**Data extract**
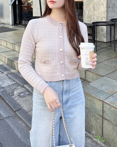 ツイード調に編みこまれた珍しい編地が高見えポイント。
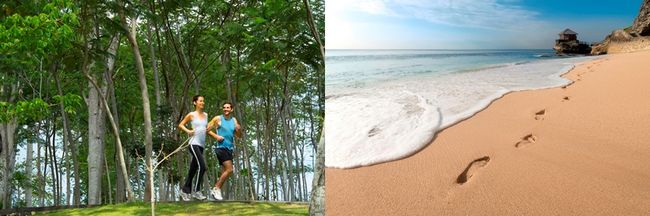 아름다운 경치를 즐기면서 이용객의 페이스에 맞춰 달리거나, 리조트 담당자의 조깅 지도하에 달릴 수 있다. 만약 좀더 강도가 높은 도전을 원한다면, 쿠부 비치 197개 계단을 내려갔다 올라오면서 신기록에 도전할 수도 있다. 발리 해변을 달리기한 이후, 무사히 완주한 자신에게 주는 상으로 스파(spa)에서 45분 코스의 스포츠 마사지를 받은 것으로 마무리된다.
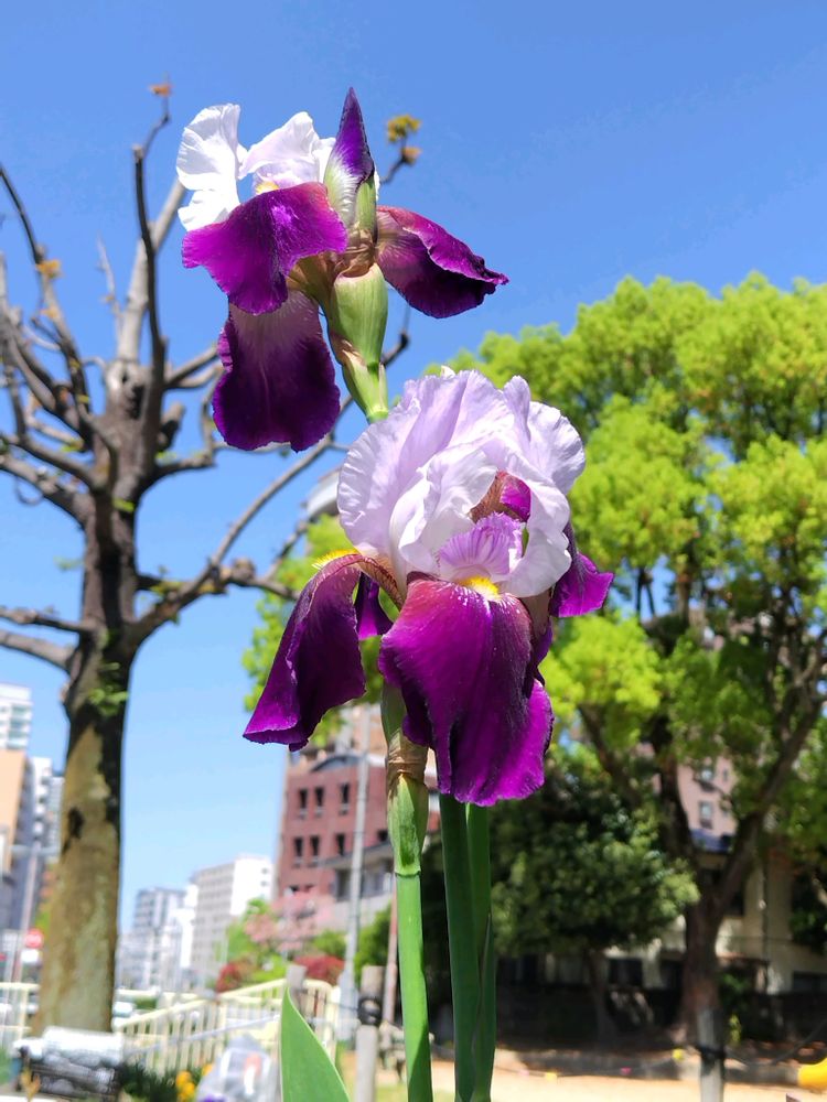 日本晴☀に花菖蒲?アヤメ?💙🤍💜

**Exercise aim**
Only the pictures are to be left out; write out all the other data exactly.

**Written response**
 ツイード調に編みこまれた珍しい編地が高見えポイント。
 아름다운 경치를 즐기면서 이용객의 페이스에 맞춰 달리거나, 리조트 담당자의 조깅 지도하에 달릴 수 있다. 만약 좀더 강도가 높은 도전을 원한다면, 쿠부 비치 197개 계단을 내려갔다 올라오면서 신기록에 도전할 수도 있다. 발리 해변을 달리기한 이후, 무사히 완주한 자신에게 주는 상으로 스파(spa)에서 45분 코스의 스포츠 마사지를 받은 것으로 마무리된다.
 日本晴☀に花菖蒲?アヤメ?💙🤍💜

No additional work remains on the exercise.